═══ Source material ═══

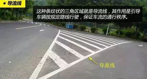 导流线主要为一个或几个根据路口地形设置的白色V形线或斜纹线区域,用于过宽、不规则或行驶条件比较复杂的交叉路口,立体交叉的匝道口或其他特殊地点,表示车辆必须按规定的路线行驶,不得压线或越线行驶,也是禁停区。
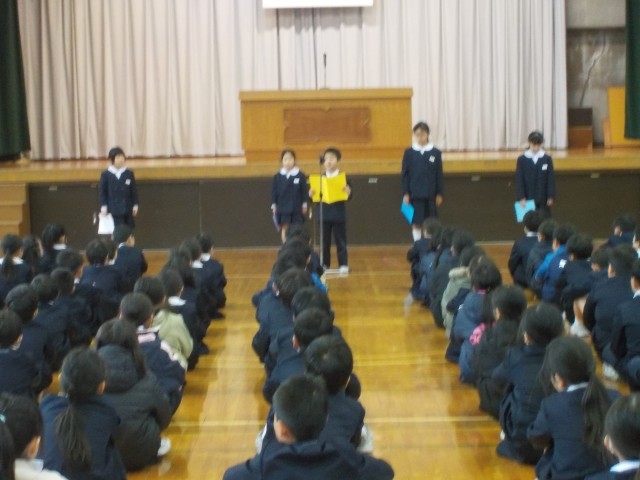 第2学期の終業式がありました。初めに、各学年の代表が2学期に学習や運動、行事等でがんばったことやできたことを発表しました。
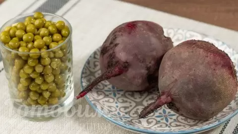 - Салат со свеклой и яблоком: объедините 500 г свеклы, одно кислое яблоко, 240 г консервированного горошка и грецкие орехи. Заправьте растительным маслом и уксусом.
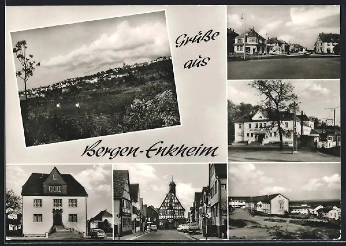 AK Frankfurt-Bergen-Enkheim, Totalansicht, Wohnhäuser, Ortspartie mit Siedlung, Blick auf die Kirche, Fachwerkhäuser

═══

Begin with the line containing "第2学期の終業式がありました" and end with the last line of the material above; return exactly those lines, both ends included, and omit all pictures.

▶ Written answer:
 第2学期の終業式がありました。初めに、各学年の代表が2学期に学習や運動、行事等でがんばったことやできたことを発表しました。
 - Салат со свеклой и яблоком: объедините 500 г свеклы, одно кислое яблоко, 240 г консервированного горошка и грецкие орехи. Заправьте растительным маслом и уксусом.
 AK Frankfurt-Bergen-Enkheim, Totalansicht, Wohnhäuser, Ortspartie mit Siedlung, Blick auf die Kirche, Fachwerkhäuser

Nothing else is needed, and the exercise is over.